As its subtitle indicates, Paradox provides a mix of fiction, some of it straight historical. You need a fair knowledge of history to appreciate these stories but if you are a history buff then this is for you. I found the lead story, "Anezka" by Bruce Durham a bit disappointing. Anezka is a woman who knows how to run a royal household. She is asked by her king to organize the home of his guest, Hannibal of Carthage. I know really very little about Hannibal and might have appreciated the story more if I did. As it was, I did not find it all that interesting. The next story is a very ambitious alternate history. In "O, Pioneer", Columbus arrives in the New World but finds something different from our history. In a way, he finds what he is looking for but this is not a good thing.

I enjoyed "Draw Thy Breath in Pain" by Carrie Vaughn more than the previous two. William Shakespeare is asked to write a play by a foreign man named Horatio, who was witness to certain events in another country. This makes for a different take on what might have been behind a classic play. "Cassandra's Cargo" is a horror tale, taking place in the early 19th century.
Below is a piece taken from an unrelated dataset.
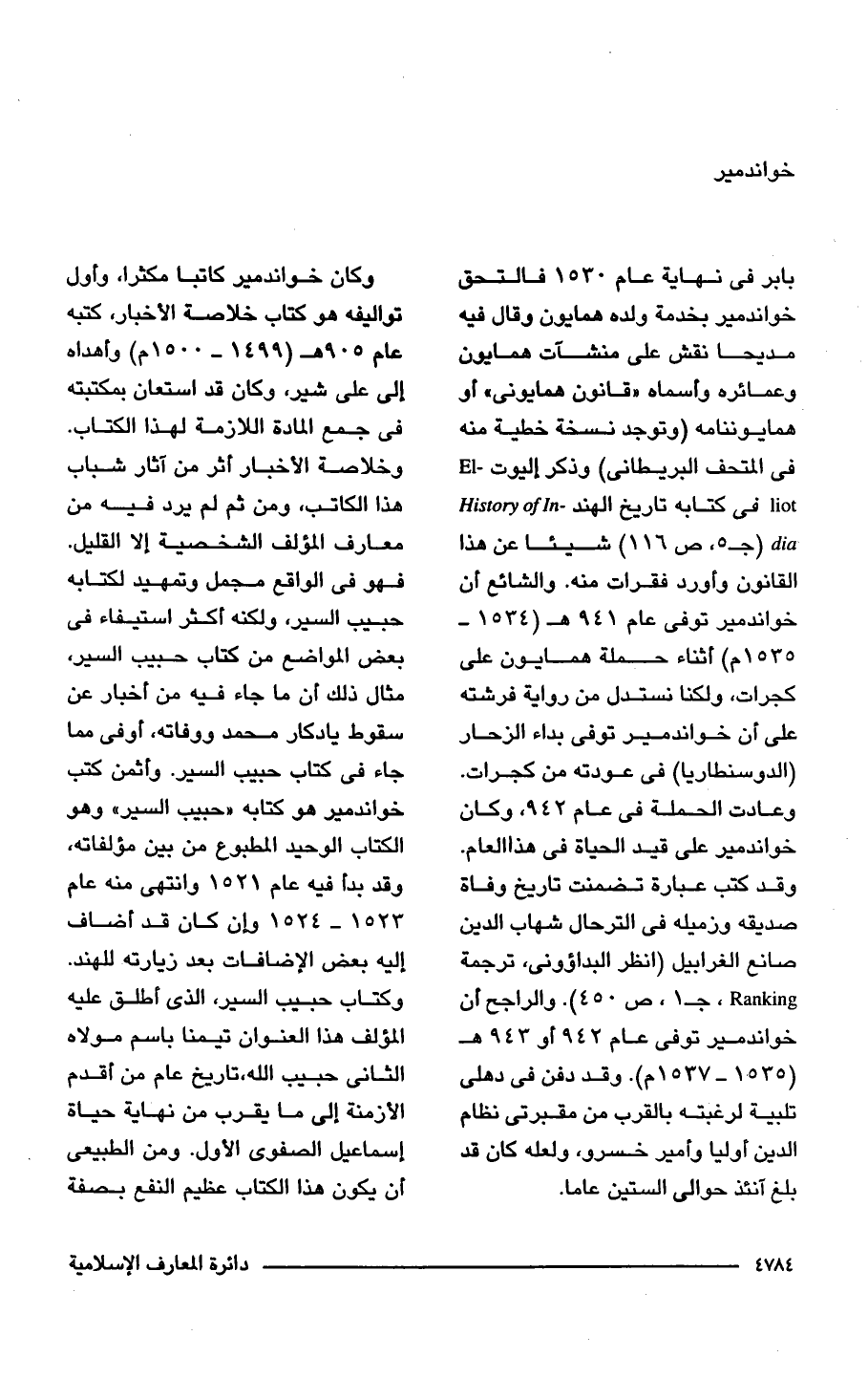 بابر في نهاية عام 1530 فالتحق خواندمير بخدمة ولده همايون وقال فيه مديحا نقش على منشآت همايون وعمائره واسماه "قانون همايونى" أو همايوننامه (وتوجد نسخة خطية منه في المتحف البريطاني) وذكر إليوت Elliot في كتابه تاريخ الهند History of India (جـ 5، ص 116) شيئا عن هذا القانون وأورد فقرات منه. والشائع أن خواندمير توفي عام 941 هـ (1534 - 1535 م) أثناء حملة همايون على كجرات، ولكنا نستدل من رواية فرشته على أن خواندمير توفي بداء الزحار (الدوسنطاريا) في عودته من كجرات. وعادت الحملة في عام 942, وكان خواندمير على قيد الحياة في هذا العام. وقد كتب عبارة تضمنت تاريخ وفاة صديقه وزميله في الترحال شهاب الدين صانع الغرابيل (انظر البداؤونى، ترجمة Ranking جـ 1، ص 450). والراجح أن خواندمير توفي عام 942 أو 943 هـ (1535 - 1537 م). وقد دفن في دهلي تلبية لرغبته بالقرب من مقبرتى نظام الدين أوليا وأمير خسرو، ولعله كان قد بلغ آنئذ حوالي الستين عاما.

A man finds out what the life of an African slave is like and this changes his perspective. "Forty Shades of Gray" is a straight historical tale by Tom Welch. During World War II, an Irish nationalist smuggles a German agent into Northern Ireland. The experience has a profound effect on him. This is an excellent example of a historical short story and was my favorite in the issue. Lastly, "Power Play" by Jack Whyte is mostly a conversation between a Roman and a Hebrew in occupied Palestine. It was little more than that.

Again, I recommend this magazine to the real historical buff.